5. Blocks A and B are connected by a string passing over an essentially friction-
less pulley, as in Figure 6. When the blocks are in motion, Block A experiences
a force of kinetic friction of magnitude 5.7N. If mA 2.7kg and mB 3.7kg,
calculate the magnitude of
(a) the acceleration of the blocks
(b) the tension in the string
(a) To calculate the acceleration of the blocks, we first need to find the net force acting on each block.
For Block A:
- The force of gravity acting on Block A is given by Fg = mA * g = 2.7kg * 9.8m/s^2 = 26.46N
- The force of kinetic friction is given as fk = 5.7N
- The tension in the string is T
- The net force acting on Block A is given by: net force = T - fk - Fg
For Block B:
- The force of gravity acting on Block B is given by Fg = mB * g = 3.7kg * 9.8m/s^2 = 36.26N
- The tension in the string is T
- The net force acting on Block B is given by: net force = T - Fg
Since the two blocks are connected by a string over a pulley, the tension in the string is the same for both blocks.

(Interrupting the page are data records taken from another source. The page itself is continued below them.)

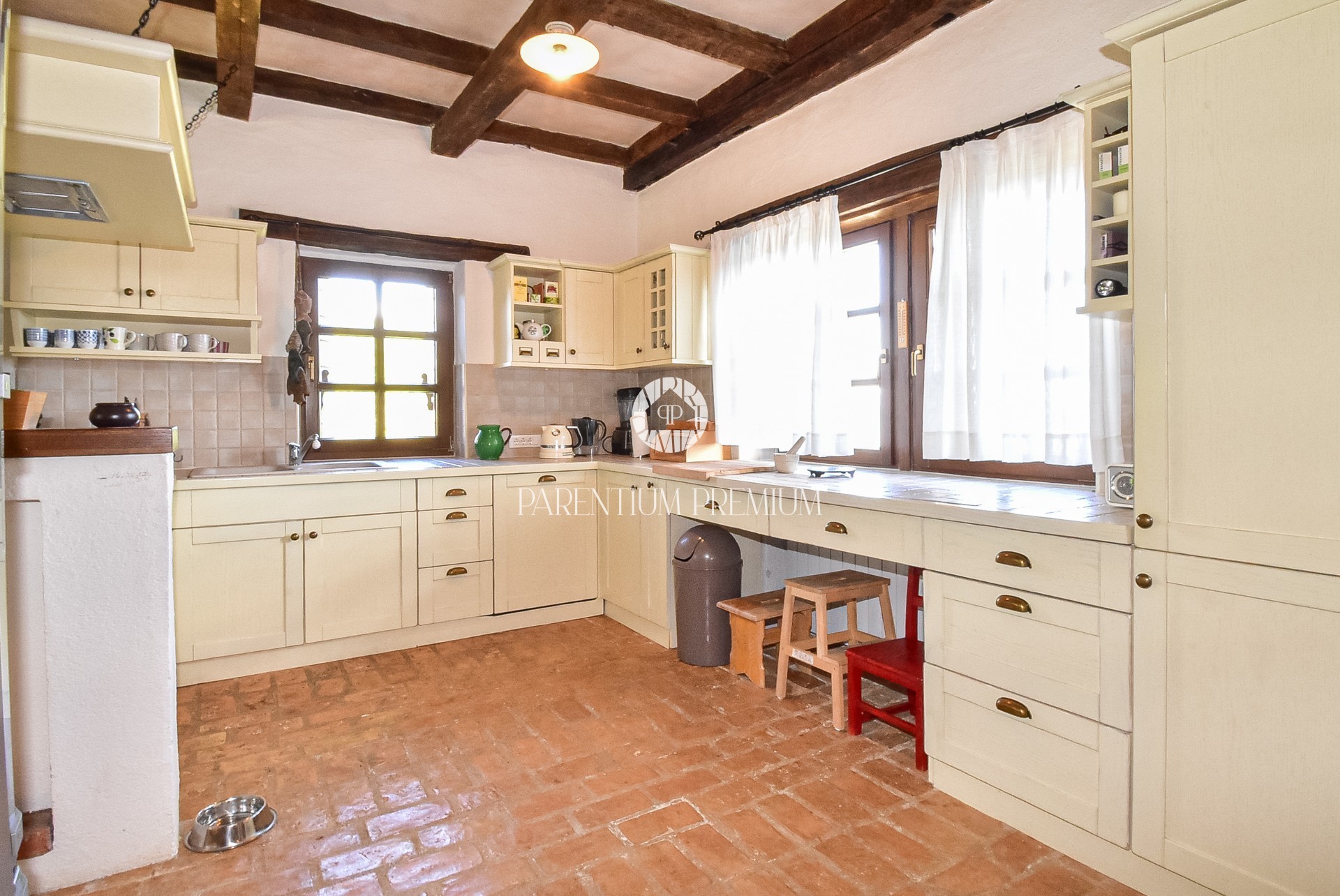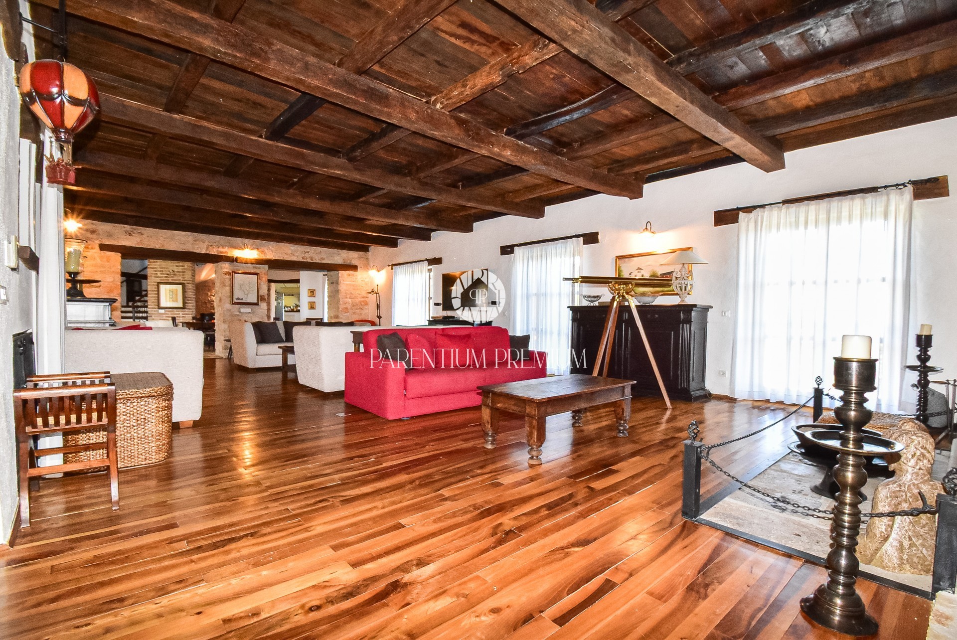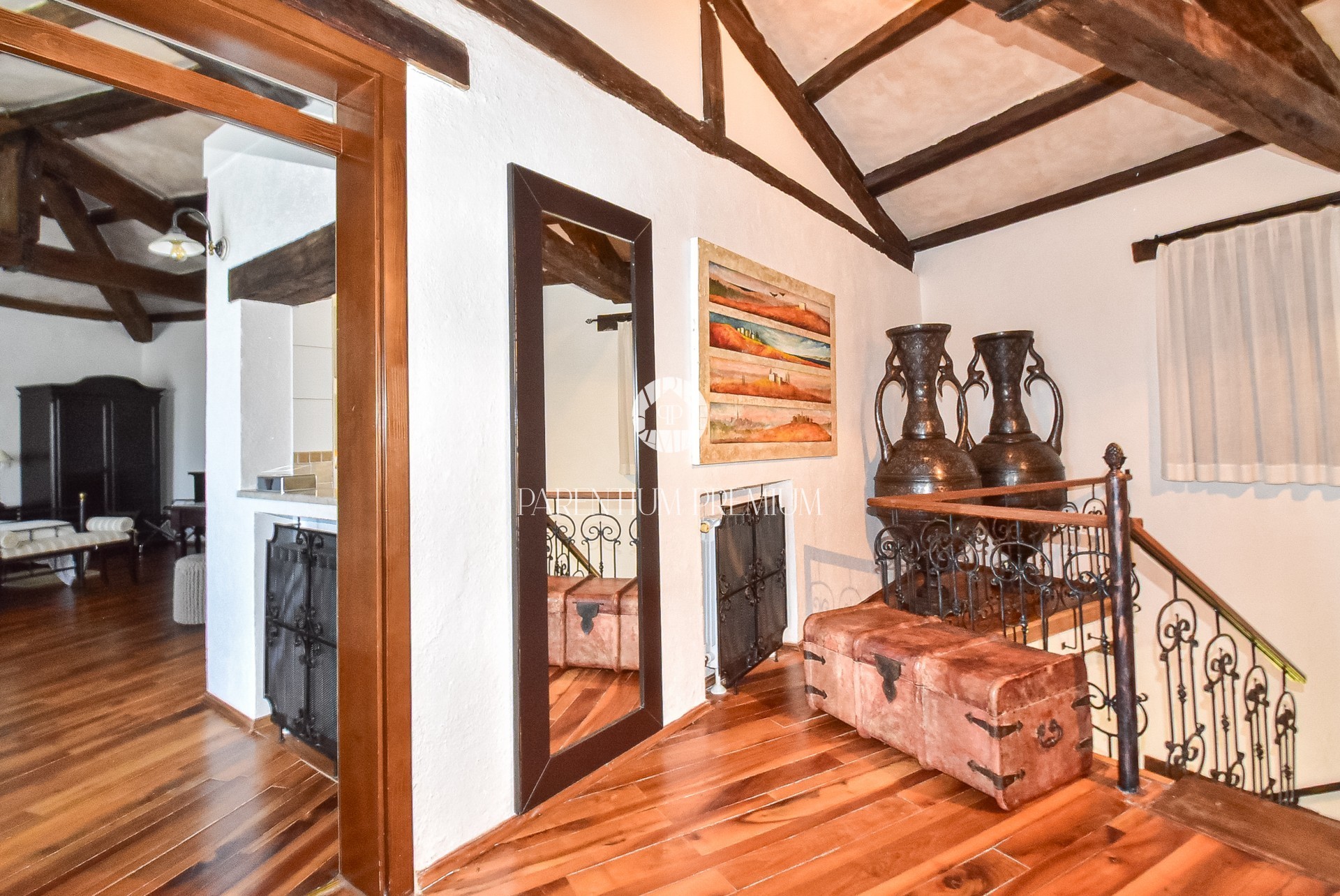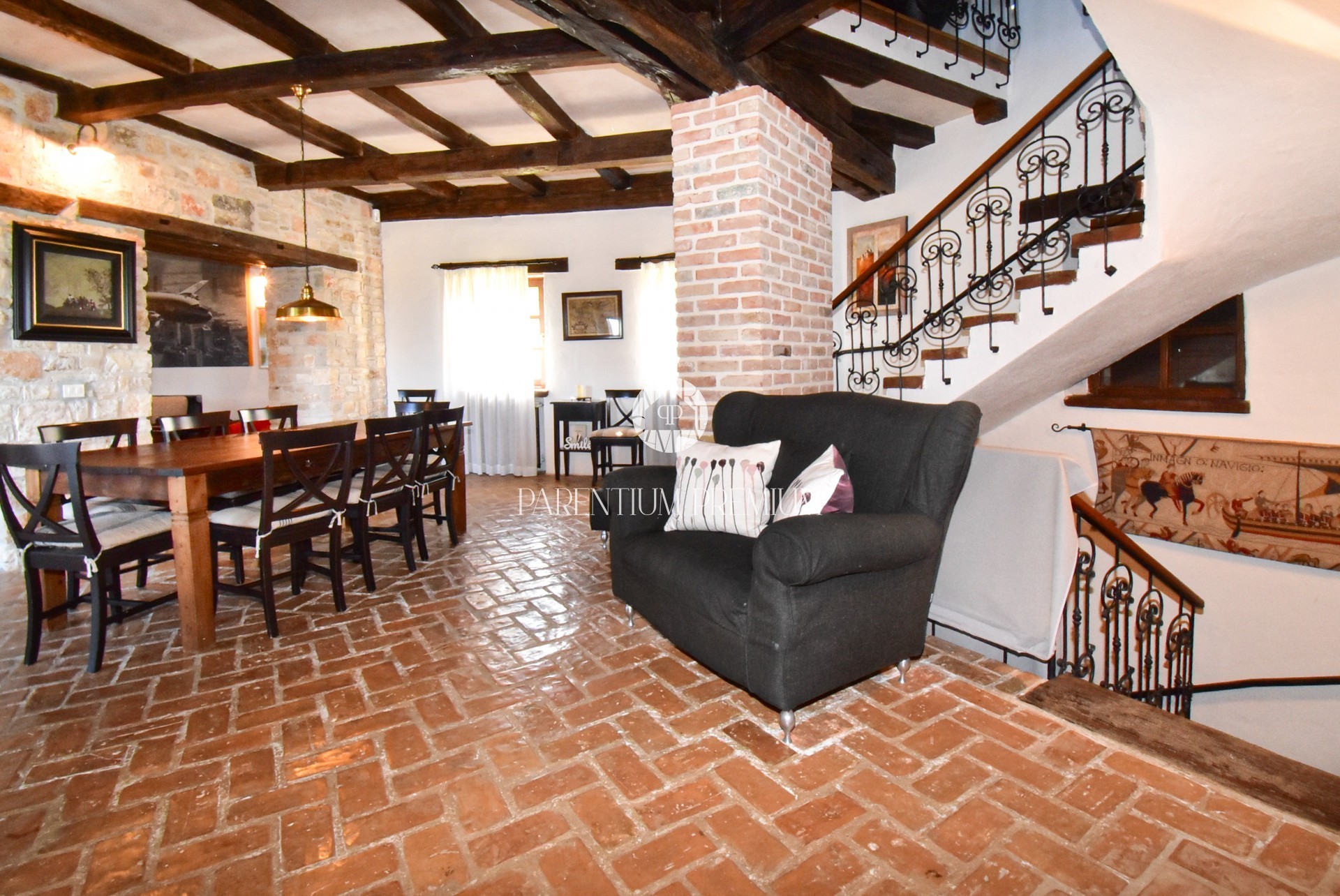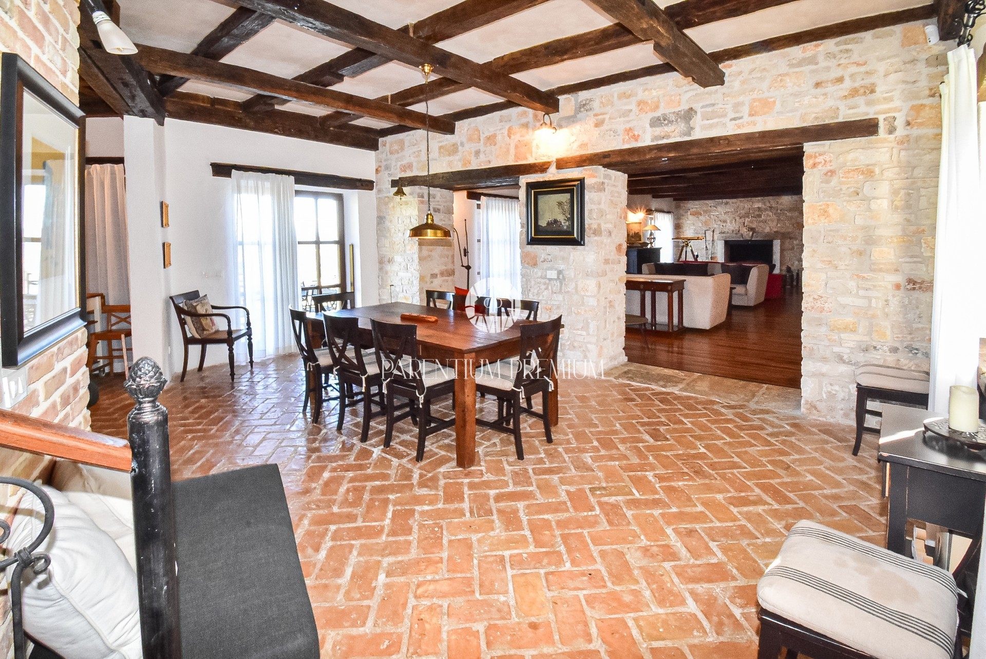 In una posizione tranquilla si trova questa autentica villa istriana, con una superficie abitabile di circa 500 m², situata su un terreno curato di 1.735 m², con vista panoramica aperta su vigneti, uliveti e Motovun.
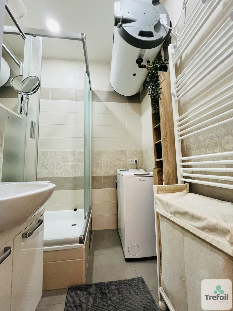 koupelna se sprchovým koutem, umyvadlem a pračkou
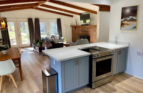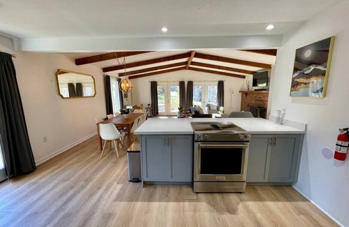 The home offers a cozy fireplace, 3 smart TVs, a workstation, 2 full baths, a fully equipped kitchen, private parking, outdoor seating, and a firepit. Experience modern comfort amidst nature’s beauty. Your unique getaway awaits!
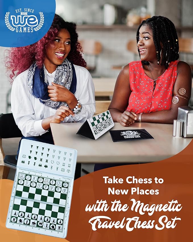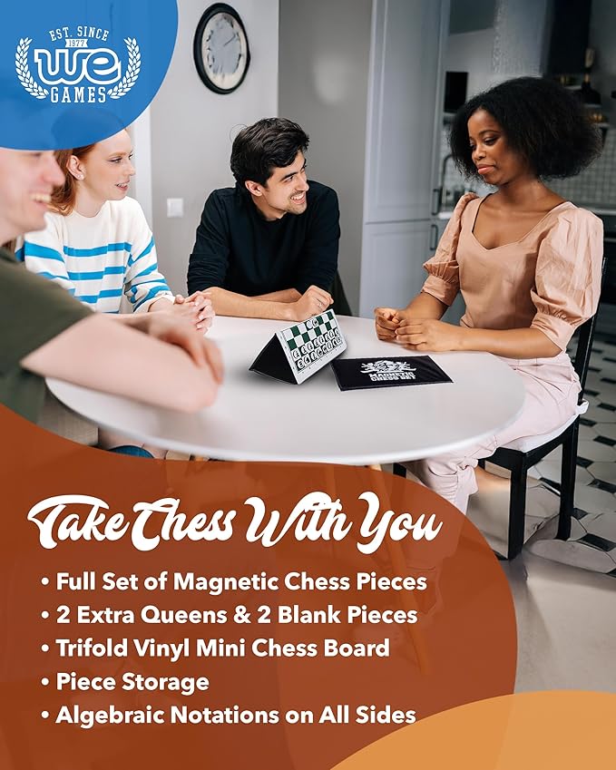 WE Games Mini Magnetic Travel Chess Set – 6-Inch Foldable Board with Durable Vinyl Pieces & Extra Queens– Indoor & Outdoor Magnetic Chess Game - White Logo
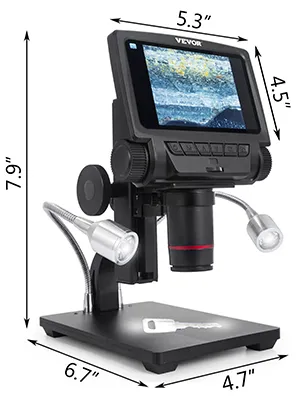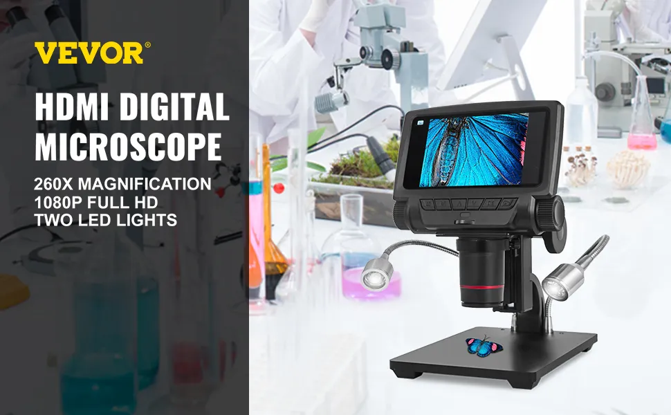 Das professionelle Digitalmikroskop unterstützt 260-fache Vergrößerung, 4-fachen Digitalzoom und 1080P HD-Auflösung (HDMI-Ausgang) / 720P (USB-Ausgang) und hilft Ihnen, das winzige Objekt zu sehen und zu beobachten. Das digitale Mikroskop USB verfügt über einen 5-Zoll-LCD-Bildschirm und einen CMOS-Bildsensor, der Bildaufnahme und Videoaufzeichnung ermöglicht. Mit seiner hervorragenden Leistung wird diese digitale Mikroskopkamera USB häufig für die Reparatur von Leiterplattenlöten, die Beobachtung von Insekten, die Identifizierung von Schmuck usw. verwendet.
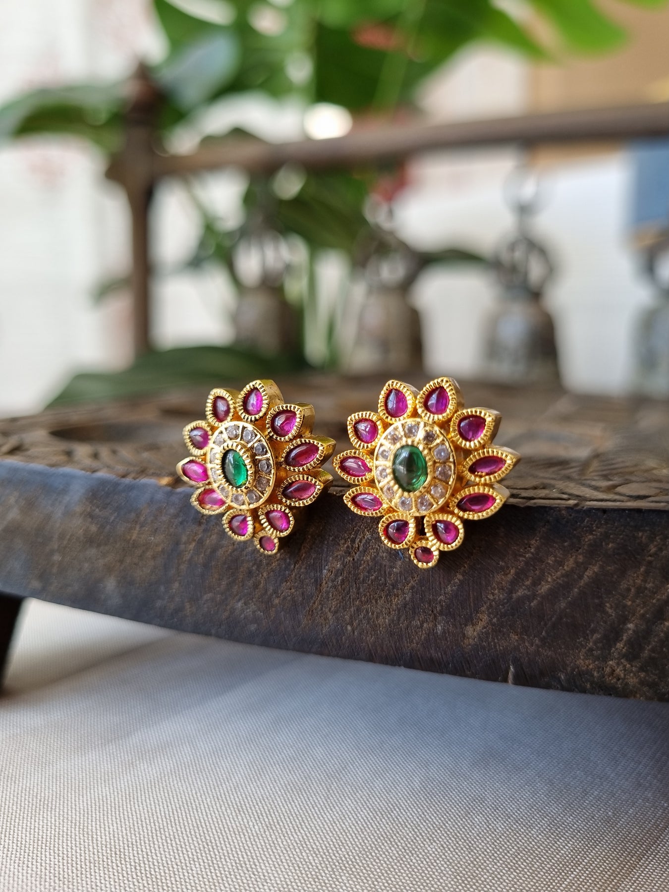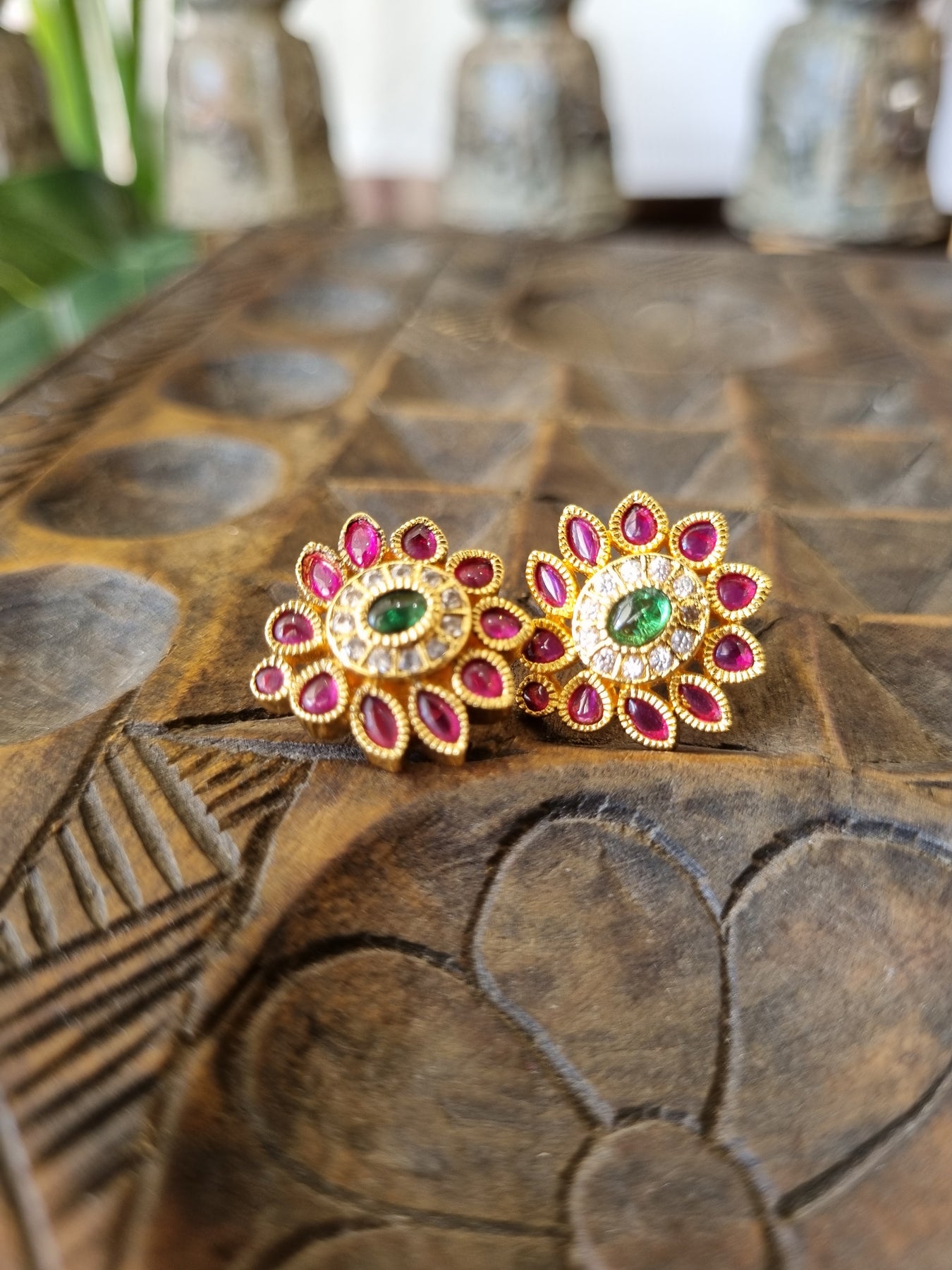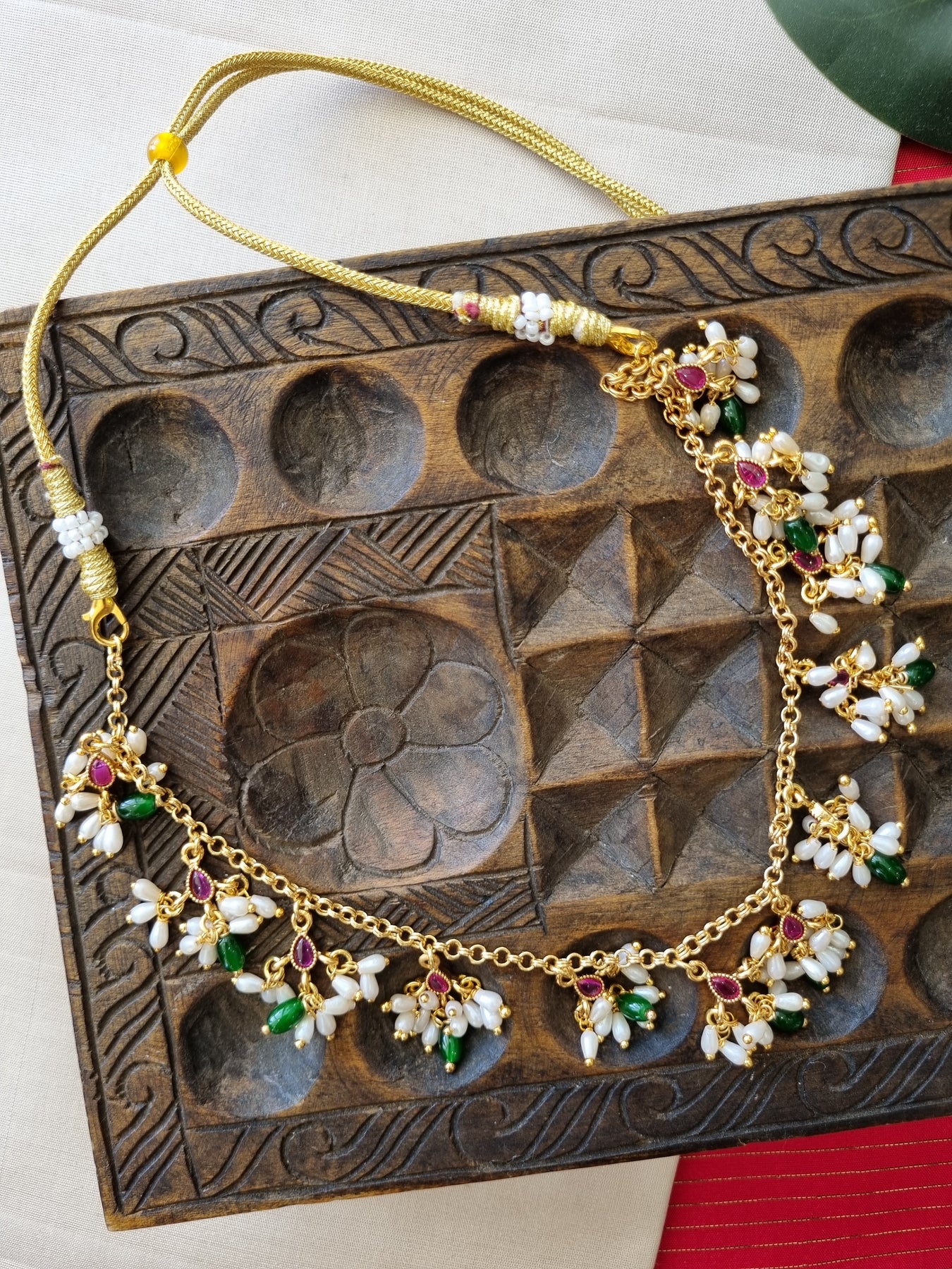 A beautiful necklace ornated with Pink & Green stones and pearls, paired with Earrings
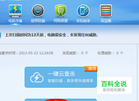 立刻全盘杀毒。 当电脑有病毒时,是会造成浏览器启动缓慢。这时打开主流的杀毒软件。进行全盘扫描杀毒。如下图。

Therefore, we can write:
T - fk - Fg = mA * a
T - Fg = mB * a
Now, we can solve for acceleration a:
T - 5.7 - 26.46 = 2.7 * a
T - 36.26 = 3.7 * a
Adding the two equations, we get:
2T - 41.06 = 6.4a
2T = 6.4a + 41.06
Now, we substitute the value of T from the second equation into this equation:
2(3.7a + 36.26) = 6.4a + 41.06
7.4a + 72.52 = 6.4a + 41.06
1a = -31.46 / 1
a = -31.46m/s^2
Therefore, the acceleration of the blocks is 31.46m/s^2.
(b) To find the tension in the string, we can substitute the acceleration back into the second equation:
T - 36.26 = 3.7 * (-31.46)
T - 36.26 = -115.402
T = 115.402 - 36.26
T = 79.142N
Therefore, the tension in the string is 79.142N.